Exercise directions
Everything in the data below except the pictures must be repeated word for word.

Information supplied
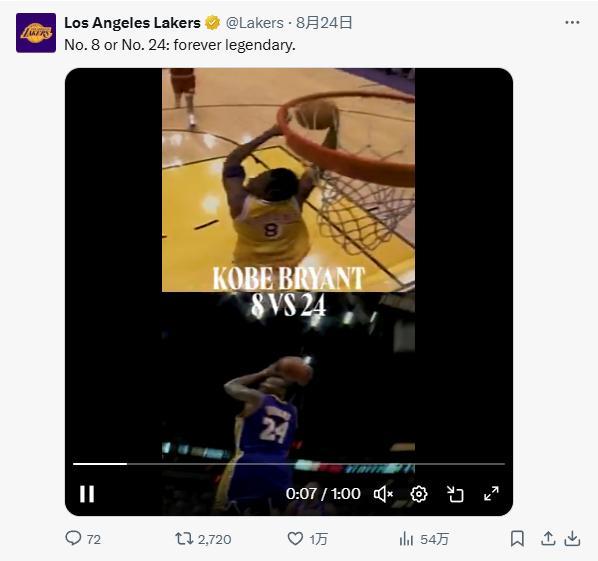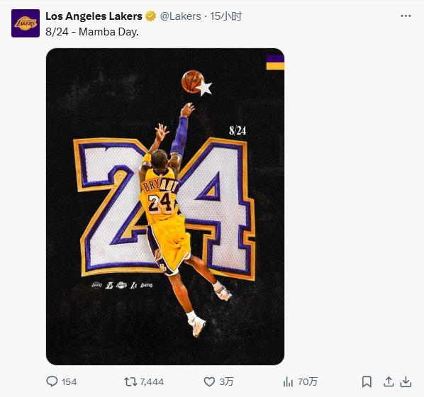 7、湖人官方:“8/24——曼巴日”
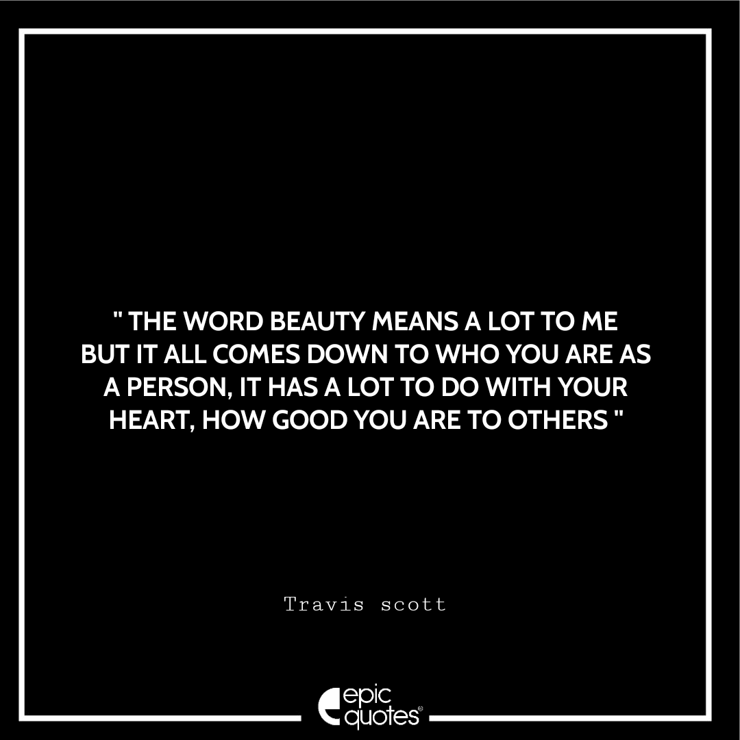 13. The word beauty means a lot to me but it all comes down to who you are as a person, It has a lot to do with your heart, how good you are to others. -Travis Scott
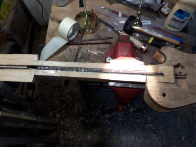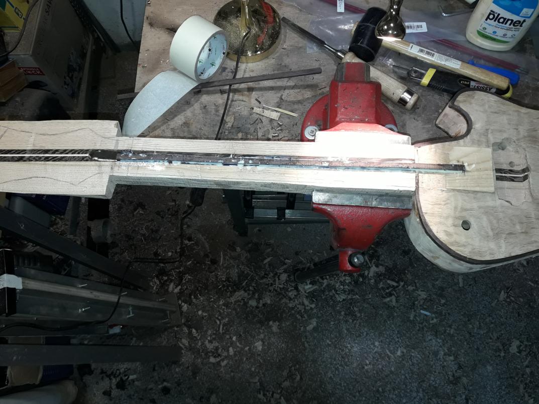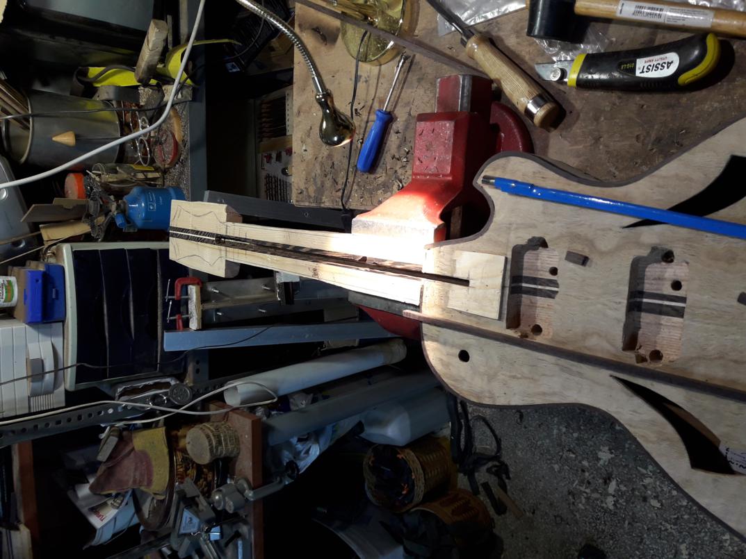 Μαζί με τα όλα τρεξίματα προχωράει και η ηλεκτρική αργά- αργά. Με μάλωσε και ο φίλος μου ο Στέλιος ότι δεν πιάνω σκαρπέλα και είπα χτες το βράδυ να δουλέψω την κιθάρα. Γίνανε κλειδιέρα και τρύπες για τα κλειδιά. (Το μάνικο είναι μονοκόμματο αλλά μπήκε σάντουιτς πάνω κάτω με το ίδιο ξύλο του σκάφους. Με ράσπες λίμες μορφοποποίησα το μάνικο και την κλειδιέρα. Τάστα και τσαμπουκάδες είχα βάλει πιο πριν. Καθώς και βέργα. Στο κανάλι έκανα μια πατάτα και μου έφυγε το ρούτερ λίγο σε έν α σημείο (στη φωτογραφία φαίνεται κάπως καθώς και το ξυλαράκι που έβαλα για να κλείσω το κενό). Π΄νω από την βέργα μπήκε κομμάτι παλίσνδρος. Για την επίτευξη κλίσης μπήκε σφήνα από έλατο ανάμεσα την ταστιέρα και το καπάκι (το αναφέρω γιατί πρόσφατα υπήρχαν ερωτήσεις για την κλίση και μπορεί να γίνει).
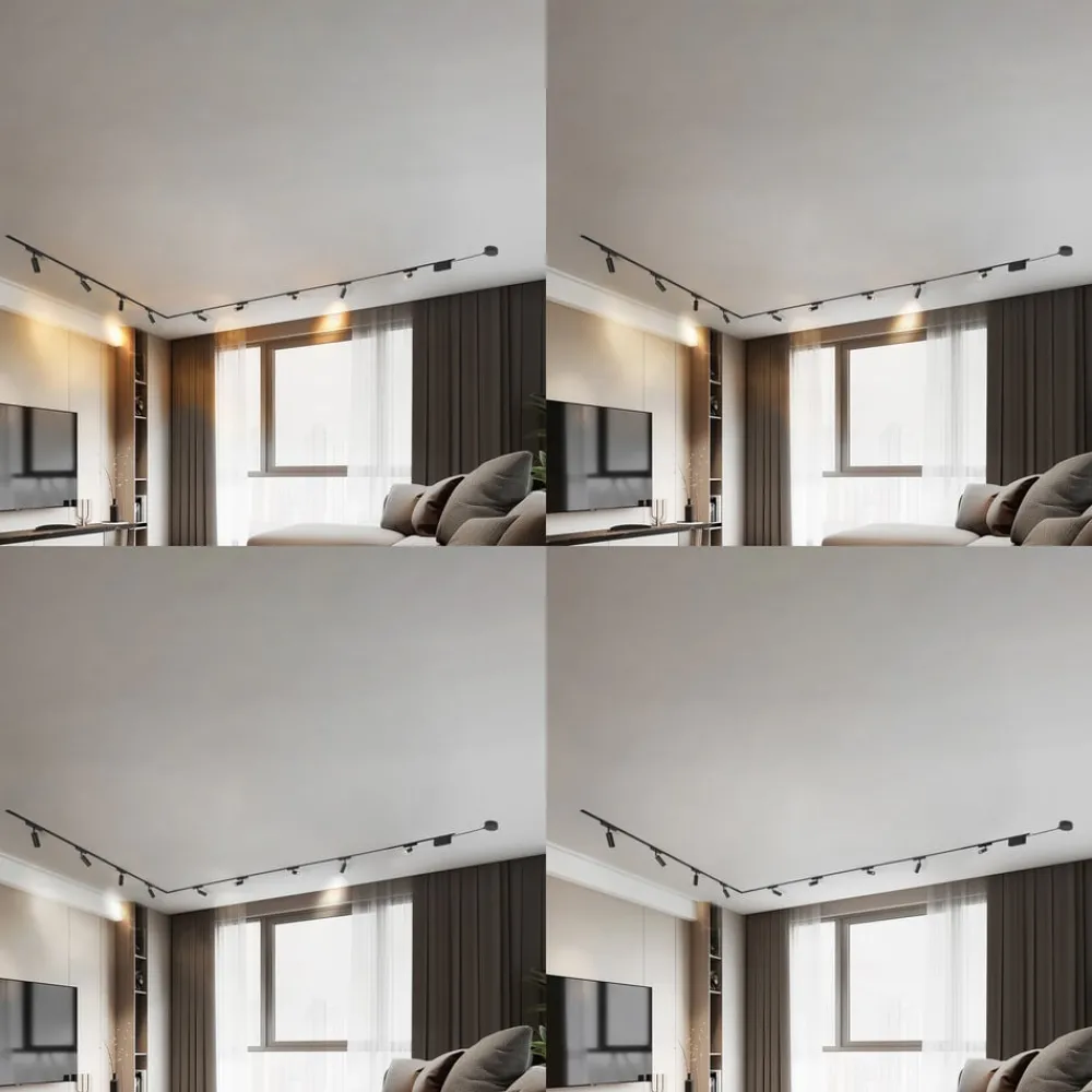 LED-spotene er dimbare og har en kontrollerbar lysfarge (CCT), slik at du til enhver tid kan stille inn ønsket lysstyrke eller lysfarge (fra varmhvit til dagslys). Begge funksjonene kan enkelt styres med den medfølgende fjernkontrollen. Lumaro-skinnebelysningssystemet gir stor fleksibilitet, da armaturene kan plasseres hvor som helst langs skinnene. I tillegg kan systemet utvides med ekstra skinner og lyselementer, noe som gir utallige designmuligheter og maksimal fleksibilitet.

Response box
 7、湖人官方:“8/24——曼巴日”
 13. The word beauty means a lot to me but it all comes down to who you are as a person, It has a lot to do with your heart, how good you are to others. -Travis Scott
 Μαζί με τα όλα τρεξίματα προχωράει και η ηλεκτρική αργά- αργά. Με μάλωσε και ο φίλος μου ο Στέλιος ότι δεν πιάνω σκαρπέλα και είπα χτες το βράδυ να δουλέψω την κιθάρα. Γίνανε κλειδιέρα και τρύπες για τα κλειδιά. (Το μάνικο είναι μονοκόμματο αλλά μπήκε σάντουιτς πάνω κάτω με το ίδιο ξύλο του σκάφους. Με ράσπες λίμες μορφοποποίησα το μάνικο και την κλειδιέρα. Τάστα και τσαμπουκάδες είχα βάλει πιο πριν. Καθώς και βέργα. Στο κανάλι έκανα μια πατάτα και μου έφυγε το ρούτερ λίγο σε έν α σημείο (στη φωτογραφία φαίνεται κάπως καθώς και το ξυλαράκι που έβαλα για να κλείσω το κενό). Π΄νω από την βέργα μπήκε κομμάτι παλίσνδρος. Για την επίτευξη κλίσης μπήκε σφήνα από έλατο ανάμεσα την ταστιέρα και το καπάκι (το αναφέρω γιατί πρόσφατα υπήρχαν ερωτήσεις για την κλίση και μπορεί να γίνει).
 LED-spotene er dimbare og har en kontrollerbar lysfarge (CCT), slik at du til enhver tid kan stille inn ønsket lysstyrke eller lysfarge (fra varmhvit til dagslys). Begge funksjonene kan enkelt styres med den medfølgende fjernkontrollen. Lumaro-skinnebelysningssystemet gir stor fleksibilitet, da armaturene kan plasseres hvor som helst langs skinnene. I tillegg kan systemet utvides med ekstra skinner og lyselementer, noe som gir utallige designmuligheter og maksimal fleksibilitet.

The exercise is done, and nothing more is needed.